------ ENTRIES SUPPLIED

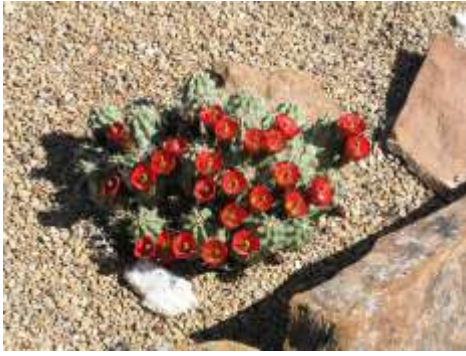
Echinocereus triglochidiatus f. inermis Spineless Claret Cup

This is a nearly spineless to spineless form of Claret Cup.
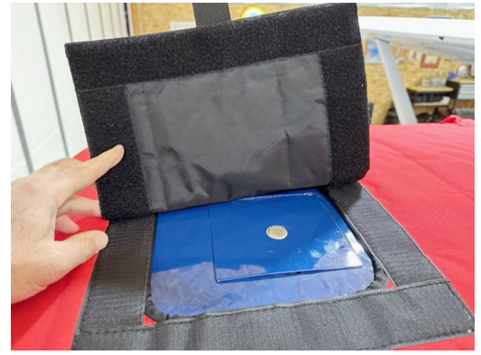
Cessna 180H Insulated Engine Cover
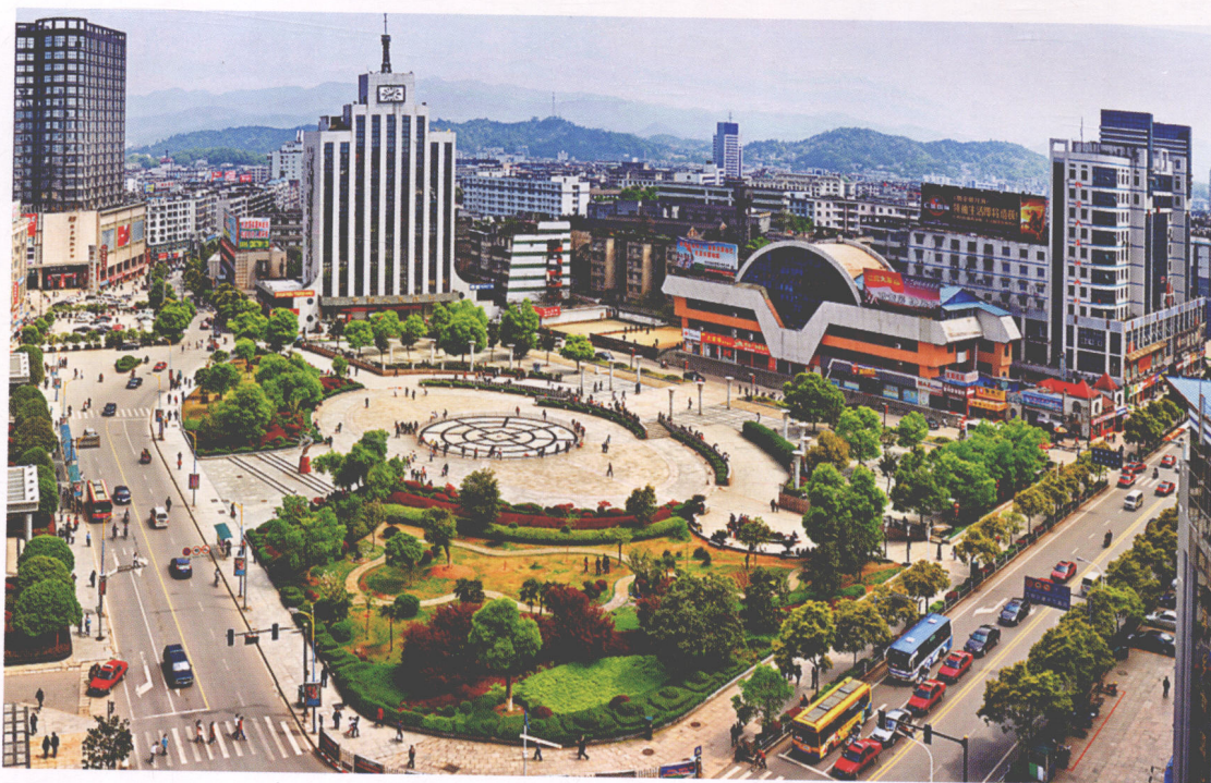
改造前的绿茵广场 Green Grass Square before Reconstruction 周锦晖
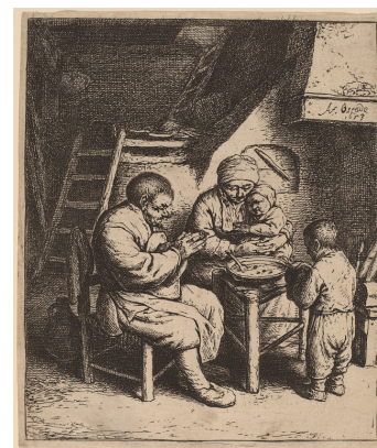
Fig 1. Adriaen van Ostade, Prayer before the Meal , 1653, etching (state ii/iv), 15.3 x 13 cm, National Gallery of Art, Washington D.C., Rosenwald Collection, 1943.3.8309

The earliest of Jan Steen's four representations of this subject, this scene belongs to a long-established iconographic tradition. [7] Early seventeenth-century paintings and prints reflect the ideal of a pious, harmonious and fertile family life that had developed within Dutch society, an ideal also expressed in the writings of Jacob Cats (1577–1660). Protestant and Catholic families alike commissioned portraits of themselves praying before a meal. [9] Artists frequently alluded to harmony and fertility by including biblical texts, [10] especially the third verse of Psalm 128 (127 in the Catholic Bible): "Thy wife shall be as a fruitful vine by the sides of thine house." [11] The grapevine climbing around the window above the mother indicates that Steen also consulted Psalms. Steen's scene resembles
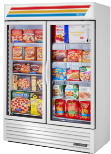
Standard White Exterior
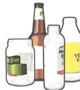
Glass Bottles and Jars (Empty and Clean)
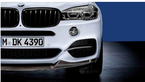
BMW M Performance Carbon Fibre diffuser and Aerodynamic attachments
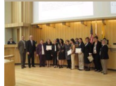
Early Care and Education Outstanding Contributors honored at City Council
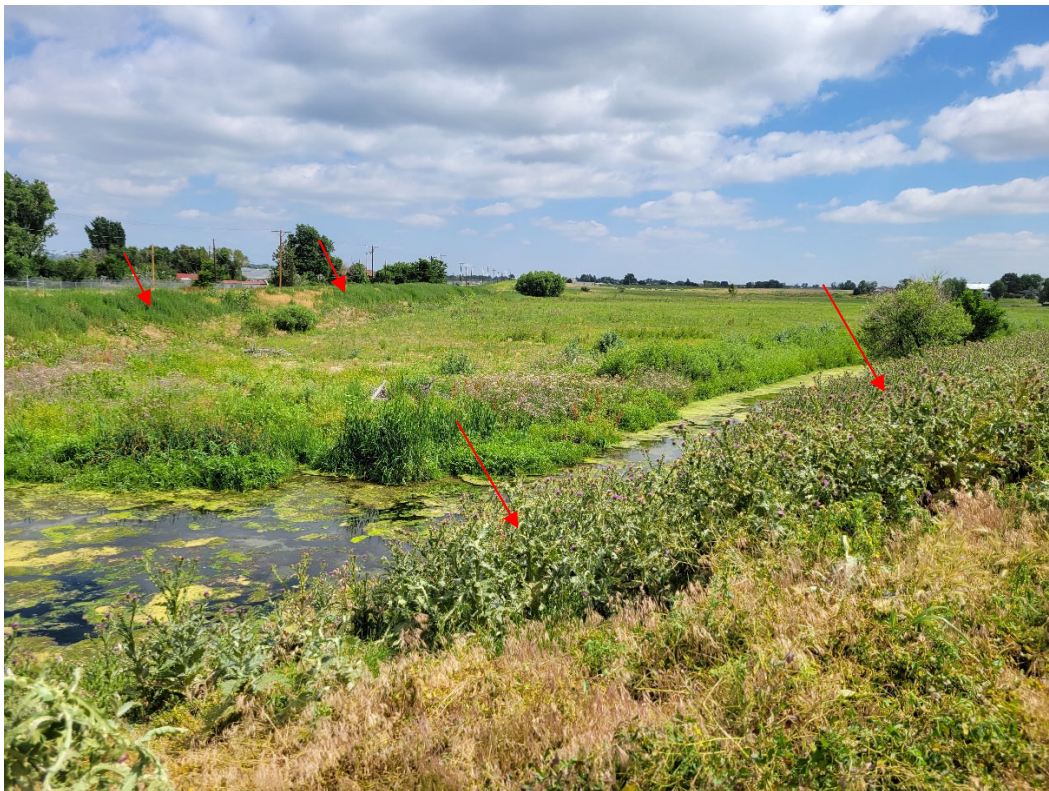
Photo 19: Looking north from the southwestern corner of the permit area. Vegetated berm runs along the Brighton Rd. Recommend weed control on berm and dense thistle patch growing along the swale in this area.

------------

EXERCISE DIRECTIONS
Find and copy each line above holding "Claret".

SOLUTION
Echinocereus triglochidiatus f. inermis Spineless Claret Cup
This is a nearly spineless to spineless form of Claret Cup.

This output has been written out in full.